Issue
i'm running a Wordpress on a cpanel and i'd like to user this htaccess
<IfModule mod_rewrite.c>
RewriteEngine On
RewriteRule ^(\/|)\d{4,7} - [L,NC,G]
RewriteRule ^(\/|)\d{4,7} - [END,NC,G]
RewriteCond %{HTTPS} off [OR]
RewriteCond %{HTTP_HOST} !^www\. [NC]
RewriteCond %{HTTP_HOST} ^(?:www\.)?(.+)$ [NC]
RewriteRule ^.*$ https://www.%1%{REQUEST_URI} [L,NE,R=301,QSD]
</IfModule>
# BEGIN WordPress
<IfModule mod_rewrite.c>
RewriteEngine On
RewriteRule .* - [E=HTTP_AUTHORIZATION:%{HTTP:Authorization}]
RewriteBase /
RewriteRule ^index\.php$ - [L]
RewriteCond %{REQUEST_FILENAME} !-f
RewriteCond %{REQUEST_FILENAME} !-d
RewriteRule . /index.php [L]
</IfModule>
# END WordPress
If i use this htaccess on a cpanel environment, when i access to a url like : https://www.example.com/12345 i got a 404 instead of a 410
If a i run it on a clean environment using a linux turnkey : it's working properly i got a 410 It seems on a cpanel environment the [L] or [END] flag are ignored
Solution
Try resetting the 410 error document to default:
ErrorDocument 410 default
I don't think the problem is related to cPanel as such, but it's possible that the 410 is being converted to a 404 by a server-defined ErrorDocument, which is not uncommon on shared server environments.

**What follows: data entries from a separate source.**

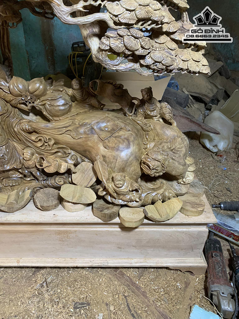 Tượng Phật Di lặc Ngồi Gốc Tùng Gỗ Bách Xanh Cao 100 Ngang 91 Sâu 30 (cm)
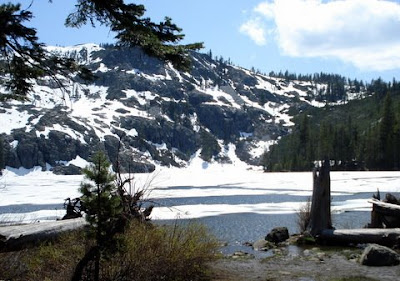 THE LAKE WAS STILL MOSTLY ICE COVERED.
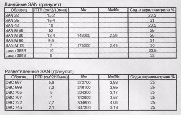 Сополимер САН, обладая повышенной стойкостью к бензину и маслам, относительно высокой теплостойкостью, применяется в автомобилестроении и приборостроении, в т.ч. в производстве кухонных приборов. К настоящему времени в России разработана и готовится к внедрению вторая марка этого сополимера с еще более высокой текучестью (ПТР более 3 г/10 мин при 200°С/5 кг). При этом практически решена проблема характерной для этого сополимера желтизны.
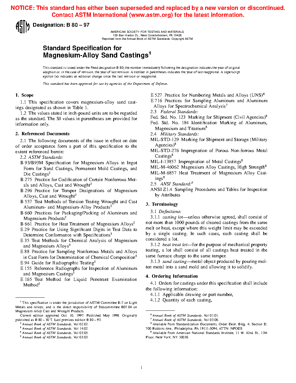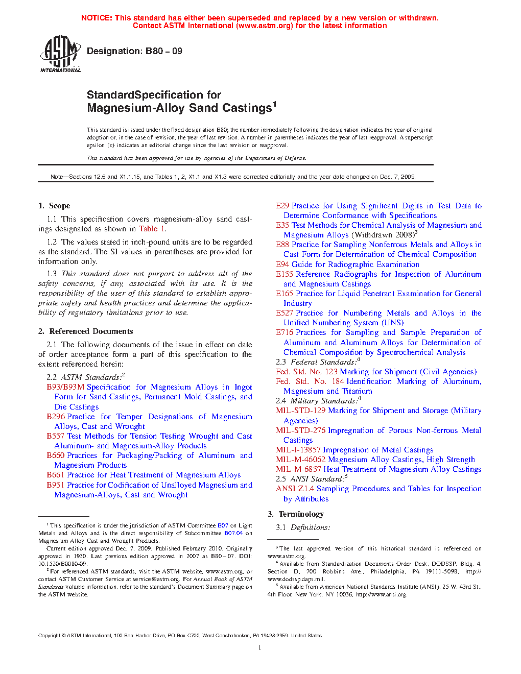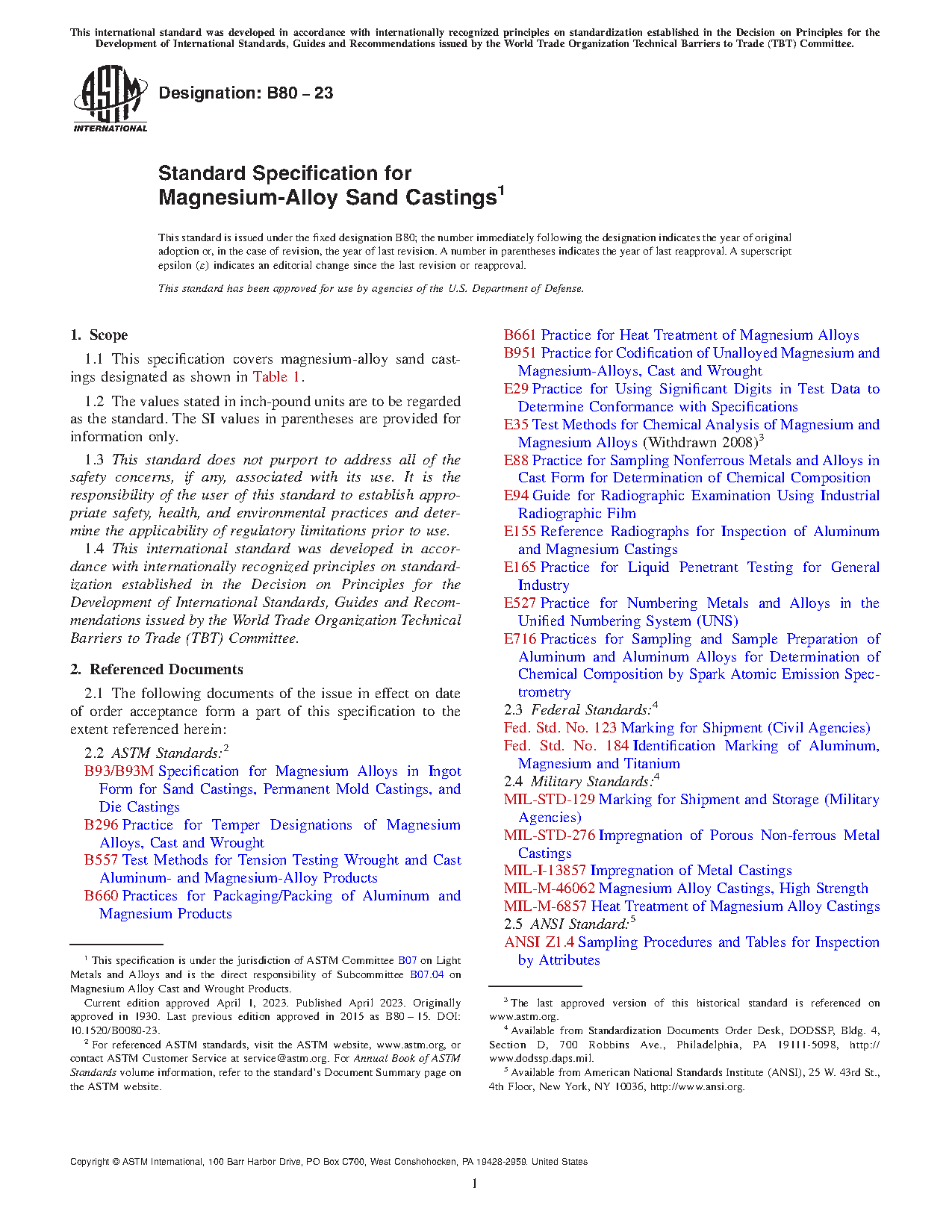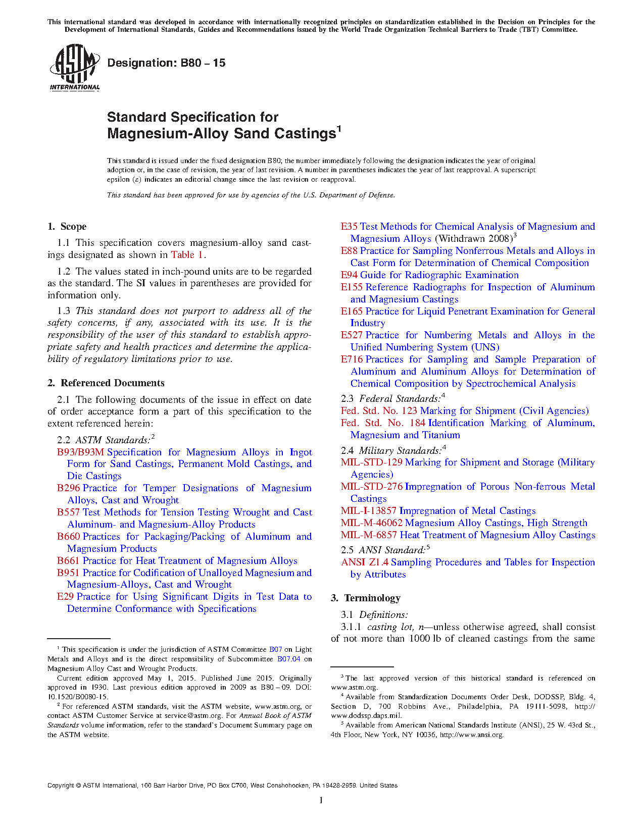 1.1 This specification covers magnesium-alloy sand castings designated as shown in Table 1.

RewriteRule ^(\/|)\d{4,7} - [L,NC,G] RewriteRule ^(\/|)\d{4,7} - [END,NC,G]
But having both these directives doesn't make sense. The second directive is never processed.
Strictly speaking, the G
flag implies L
anyway. So, the L
flag is superfluous. (As is the NC
flag.)
But using L
or END
in this context makes no difference.